Ему под шестьдесят, время уходит, а «рефлекс цели» требует сил, нужны многие годы, десятилетия, – где их взять?
И он делит год на десять месяцев умственного труда и на два месяца отдыха с киркой и лопатой в руках, вводит в жизнь жесткий расчет дней и часов, строгую экономию сил и здоровья.
В половине восьмого он встает, пьет чай и полчаса сидит неподвижно, разглядывает картины, развешанные на стене. Любовно собранные ученым, они глубоко вдохновляют его. Таково вступление в день – он начинается отдыхом. В половине первого завтрак, и снова полчаса покоя за пасьянсом. И после обеда пасьянс, и после ужина, – ученый верит в чудесную силу покоя, в важность передышки для напряженного мозга.
На лекции он является секунда в секунду, поражая студентов своей аккуратностью. За десять лет работы в Военно-медицинской академии он пропустил лишь одну лекцию – по болезни. Жизнь его строго размерена, только так ему удастся довести свое дело до конца.

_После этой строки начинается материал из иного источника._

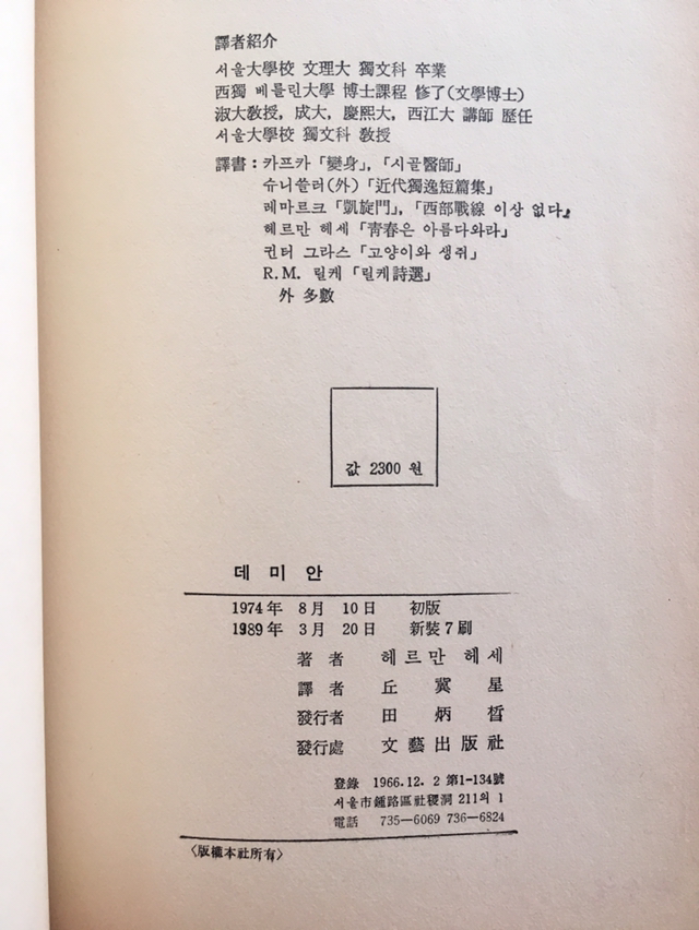 1989년 7쇄 판, 문예출판사의 데미안.....

Он не. знает, «непредвиденных обстоятельств», не верит, что есть силы, способные кому-либо помешать вовремя прийти на работу. Точность прежде всего. Вот он беседует с молодым провинциалом. Восхищенный приезжий не сводит с ученого глаз, – какой приятный собеседник, какой редкий человек! Неожиданно Павлов резко встает. Четверть шестого, ему пора уходить. Он торопливо сует руку озадаченному гостю и стремительно идет к дверям.
С этой точностью режима, всего уклада жизни и труда перекликается точность его экспериментов. Каждый вывод подвергается строжайшей проверке.
– Я часто думаю, – говорит он, – что, если наши объяснения – только цепляния одного слова за другое? Что, если действительность течет в другой плоскости и не соответствует тому, что о ней думаем мы?
– Я, к сожалению, награжден от природы, – признается он сотрудникам, – двумя качествами. Может быть, объективно они оба хороши, но одно из них для меня очень тягостно. С одной стороны, я увлекаюсь и отдаюсь работе с большой страстью, а с другой – меня постоянно грызут сомнения. Я должен благодарить вас за то, что вы своей работой и успехами этого зверя сомнений порядочно укротили… Теперь, я надеюсь, он отступится от меня.
О проверенных вещах, многократно доказанных, он все еще говорит неуверенно:
– Вот этот новый акт как будто, мне кажется, оправдывает нас. Вряд ли мы сильно ошибаемся.
Об ошибках не может быть речи, ни один из серьезных трудов лаборатории никогда не был нигде опровергнут, и все же ученый осторожен, законченная работа должна сперва пролежать год или два, прежде чем ее опубликуют.
Он боится ошибок, небрежности никому не прощает. Ему ничего не стоит поссориться с ассистентом из-за малейшей невнимательности к делу. Это может случиться внезапно, как будто даже из-за мелочи. Он подсядет к сотруднику и станет выкладывать ему свои планы, смеяться над собой и над другими. Неожиданно разговор оборвется, ученый сурово нахмурится. Увлеченный разговором помощник не записал свое наблюдение, или капля сока из фистулы упала мимо трубки.
– Черт знает что такое! Покажите тетрадь. Сколько сока получено за четверть часа? Отвечайте!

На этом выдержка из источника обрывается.